И вот наконец этот день настал. Но странно! - он не испытывал радости. Получив то, чего он так долго ждал, - гладкий холодный пергамент с непонятными для него письменами - свидетельство его свободы, - он остался удивительно спокоен, ибо свое освобождение воспринял как нечто само собой разумеющееся. Так бы он принял и смерть, если бы той пришлось случиться.
Однако потом в нем стало все же что-то происходить. Сперва он не мог понять, что именно, но та легкость расставания, которую он вдруг ощутил в себе, расставания со степью, с Джани и даже с этим мальчиком, Лулу, подсказала: в нем стало расти и крепнуть сознание того, что он вольная птица, что теперь никто не имеет на него прав, как когда-то, что он такой же свободный, как и Джани, и теперь уж без всяких препятствий доберется до Руси возвратится в свою желанную Москву.
С этим, конечно, нужно было свыкнуться, как свыкаются с новой одеждой или новыми сапогами, - постепенно и основательно. Поэтому первое время он был тих и задумчив, чему Костка не находил объяснений. Казалось, тверичанин больше радовался, чем он сам.
- Ну что же ты молчишь, Михал? - скажет, бывало, Костка. - Улыбнися. Теперича увидишь свою Москву. И я увижу. - И, открывая свой беззубый рот, смеялся и советовал: - Подарков надо прихватить. Тканей. Меч для сына, железный щит. Да мало ли ищо. Ну, оживай, московска сила!
Словами и толчками заставил он наконец Михаила стряхнуть с себя оцепенение, улыбнуться и деятельно взяться за подготовку к отъезду. Да, действительно, что это он сник, что же он растревожился? Ведь он теперь свободен, свободен! И сердце его забилось в трепетной радости: в Москву! в Москву!
Однако не всегда все складывается так, как хотелось бы. Отправившись раз на базар за меховыми шапками и кожаными сапогами, они узнали, что на Русь в разбойничий набег ушло войско с царевичем Араб-шахом.
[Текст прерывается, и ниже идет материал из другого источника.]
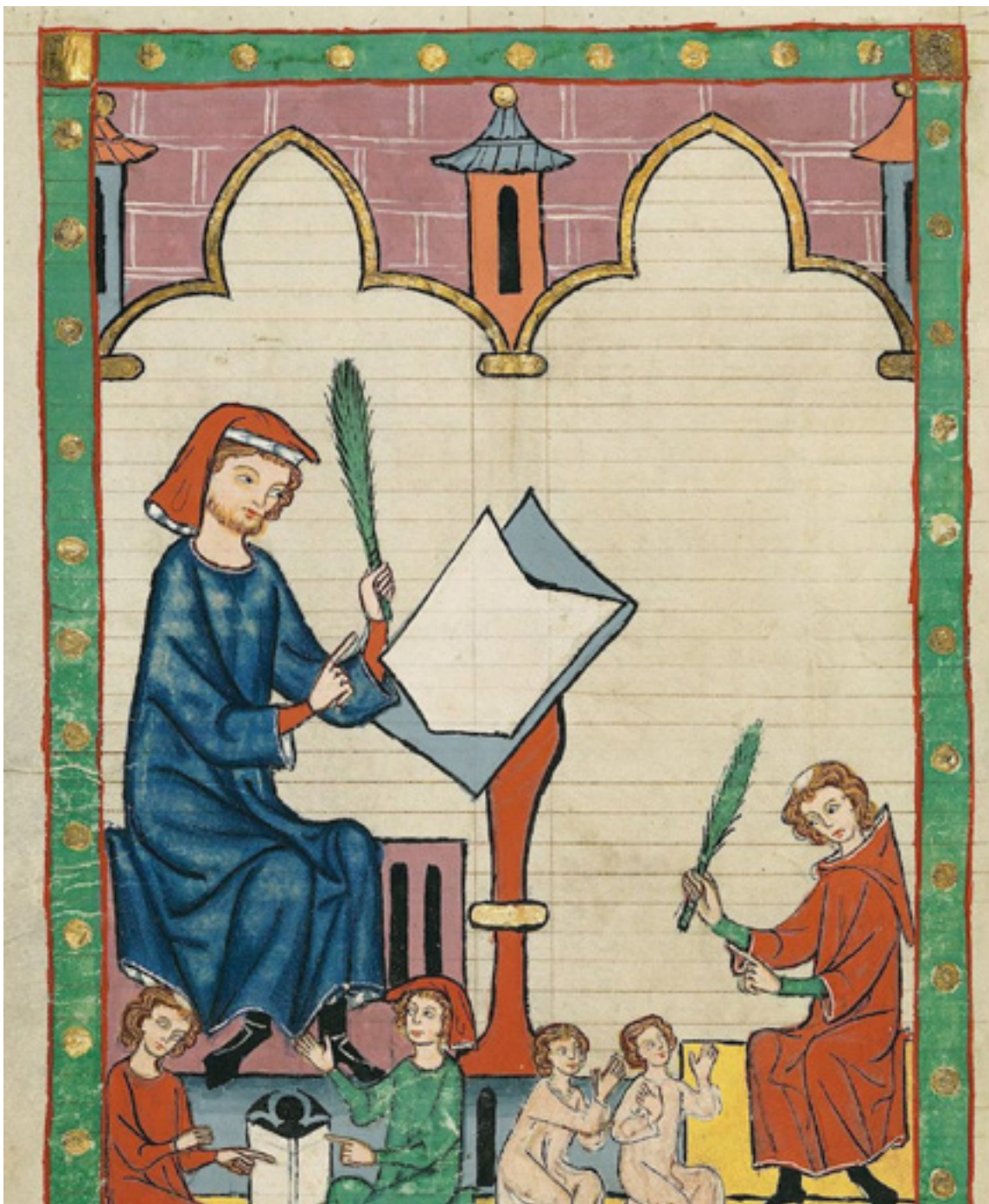
Ilustración del Códice Manesse (Heidelberg, Biblioteca de la Universidad - ca. 1305 - 1340)

tiene como la finalidad dar respuesta a interrogantes tales como: ¿Qué escuchaban los hombres y las mujeres del Medioevo? ¿Cómo lo hacían? ¿Qué lugar le otorgaban a los sonidos y los silencios? ¿Qué importancia tenían los testigos o los testimonios auriculares? ¿Qué registros tenemos de los diferentes sonidos medievales? Estos interrogantes constituyen sólo una muestra de las múltiples preguntas que pueden realizarse los historiadores, ante “las cuestiones sonoras y auditivas”, a nuestro entender, una problemática que incita a seguir pensando a los hombres en el tiempo. —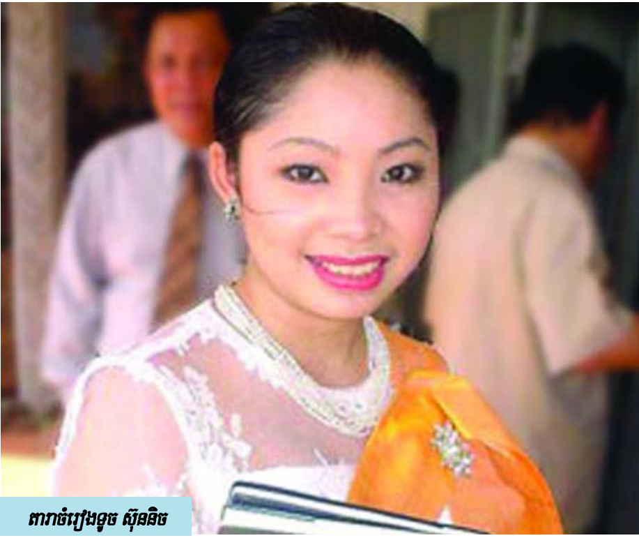
ពារចំរៀងទូច ស៊ុននិច

ព្រះបន្ទូលរបស់ព្រះជាម្ចាស់ពន្យល់ពីអំពើបាបដើមដំបូងក្នុងអត្ថបទព្រះគម្ពីរកំណើតពិភពលោកត្រង់ជំពូកទី៣នៅក្នុងរឿងនិទាន”មនុស្សប្រុសមនុស្សស្រីដើមដំបូង ” ។ ត្រង់នេះ ព្រះជាម្ចាស់បានហាមប្រាមគេទាំងពីរនាក់កុំឱ្យបរិភោគផ្លែឈើមួយដើមដែលដុះនៅចំកណ្តាលសួនឧទ្យាន ។ ក្នុងពេលនោះដែរមានសត្វពស់មួយក្បាលបានមកល្បួងពួកគេដោយពោលថា: ” ថ្ងៃណាមួយពេលដែលអ្នកបរិភោគផ្លែឈើនេះ ភ្នែកអ្នកនឹងបានភ្លឺដូចព្រះដែលស្គាល់ស្គាល់អាក្រក់ជាមិនខាន ” (កំណើតពិភពលោក ៣.៥) ។ ព្រះបន្ទូលនេះបានចង្អុលបង្ហាញពីដើមកំណើតនៃអំពើបាបនៅក្នុងជម្រៅដួងចិត្តមនុស្សយើងដែលមានបំណងលោភលន់ចង់ធ្វើធំដូចព្រះជាម្ចាស់ព្រមទាំងចង់កំណត់ដោយខ្លួនឯងអ្វីជាអំពើល្អ និងអ្វីជាអំពើអាក្រក់ ។ នៅពេល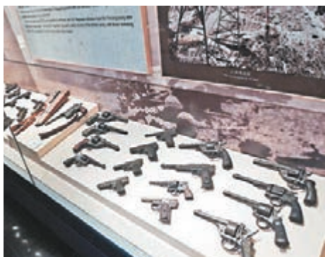
紀念館內的抗戰時期武器。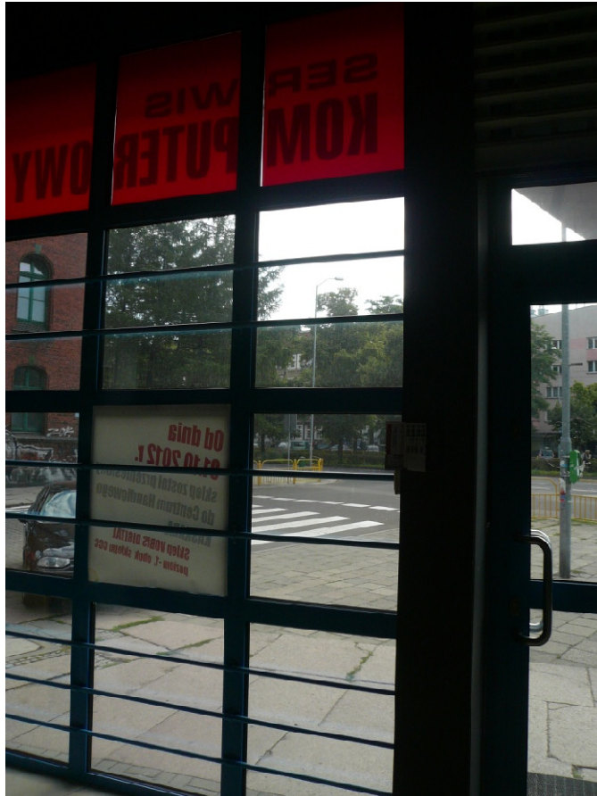
1.6 Ad. Pkt 4 pkt 4 - zabezpieczyć szyby wszystkich okien folią matową.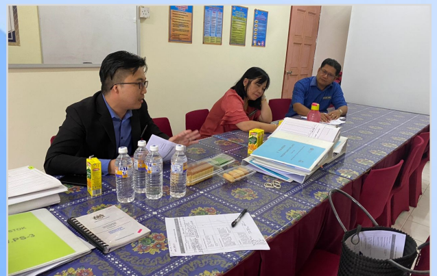
21 November 2023 - Lawatan Naziran Pemantauan Pengurusan Aset dan Stor Kerajaan di SMK Lake, Bau.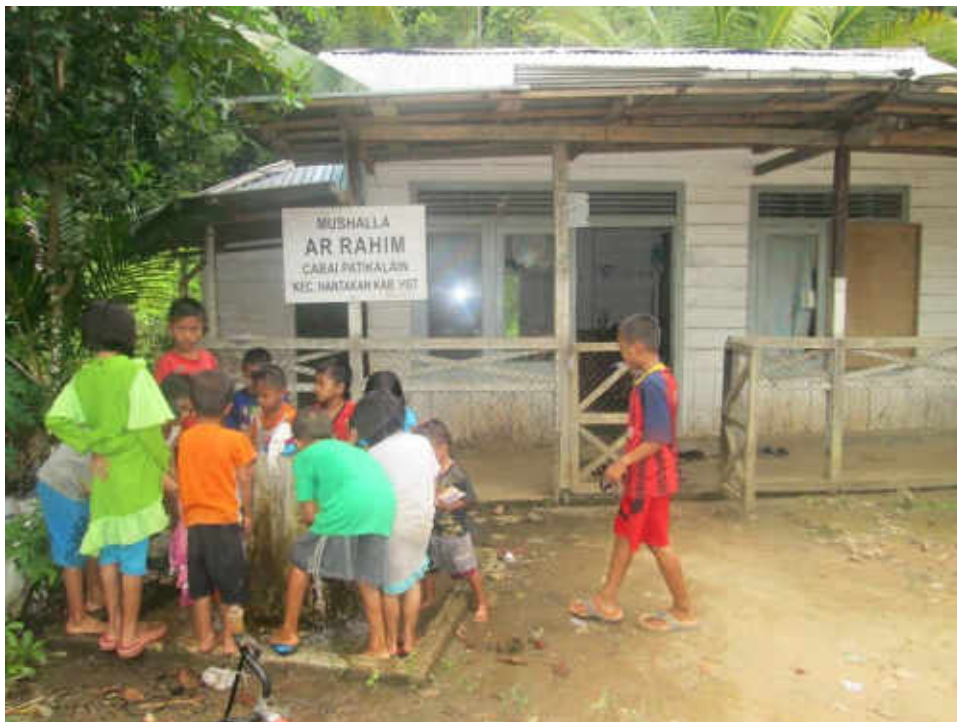
Gambar 13 Praktek tatacara berwudhu peserta didik

- Ишь, разбойник! - говорил Ознобишин. - Всю степь перекроет. Ни проехать, ни пройти.
- А може, смогем?
- Не-е, брат. Зачем пытать судьбу? Ежели этому ироду попадешься в лапы, пой отходную. Больно лют Арапшашка. Придется нам, Костка, дожидаться, пока там его не угостят как следует.
Костка повздыхал, поскреб под шапкой лысину и смачно выругался. Опять ждать, опять надеяться. Обидно стало от такого невезения. В это время он увидел двух русских, идущих вдоль торговых лавок. Оба высокие, грузные, бородатые, одетые в темно-зеленые кафтаны и островерхие шапки. Тверичанин указал:
- Гляди-ка - Вельямин! Твой недруг!
- И вправду, - пробормотал Михаил, вглядываясь и щурясь. - Иван Вельяминов, бесов сын!
Костка положил руку на костяной черенок кривого ножа, висевшего на поясе в кожаных ножнах. Михаил грустно покачал головой: мол, не нужно, оставь.
- Как же, - удивился Костка, - он ведь тебе такую свинью, помнишь... а ты - миловать!
- Теперича што говорить. Ты погляди на него. Ссутулился, ноги волочит, седой, дряблый... как паршивый пес. Не сладко, видать, на чужбине-то. Похлебает горькой кашки! Как я когда-то. А смерти его предадим - только услужим. Не-е. Пусть живет, скотина!
И, развернувшись, они пошли прочь.
По дороге Михаил думал: он, Ознобишин, испытавший весь ужас неволи и тоску по отчизне, теперь свободен и скоро покинет Орду, а его недруг, Иван Вельяминов, сам вынужден бежать сюда и укрываться, как побитая собака, выпрашивать милости и защиты у Мамая, не смея носа сунуть в пределы Московского княжества. Вот судьба! Кто знал, что такое может случиться?
Потянулись долгие томительные дни.
В одну поездку по степи он разыскал отару Ашота, при которой чабаном был Тереха. Они встречались трижды до этого, но в сей раз Михаил был опечален его нездоровым видом - Тереха много кашлял, жаловался на грудь и общее недомогание. Михаил заменил Тереху другим рабом, надеясь подлечить его и увести с собой на Русь
В августе месяце стало известно, что Мамаевы темники, которые пошли следом за царевичем Араб-шахом, сыном Менгу-Тимура, на реке Пьяне разбили русское ополчение. Этому не хотелось верить, и Михаил долго сомневался, пока сам не увидел, как посланники темников перед шатром Мамая метали из кожаных мешков отрубленные головы русских воинов. По случаю этой победы по всей ставке до темноты не утихало всеобщее ликование.
Михаил вернулся в свой курень хмурый и подавленный, сел возле костра и, смотря на огонь, ломая сухой прутик на мелкие части, стал бросать в тихое пламя. Костке и Терехе сказал, горько кривя рот:
- Силу-то каку понабрали, да ничего не смогли. А все наша беспечность. Што нам, мол, тот-то, што этот! Шапками закидаем. Вот те и закидали.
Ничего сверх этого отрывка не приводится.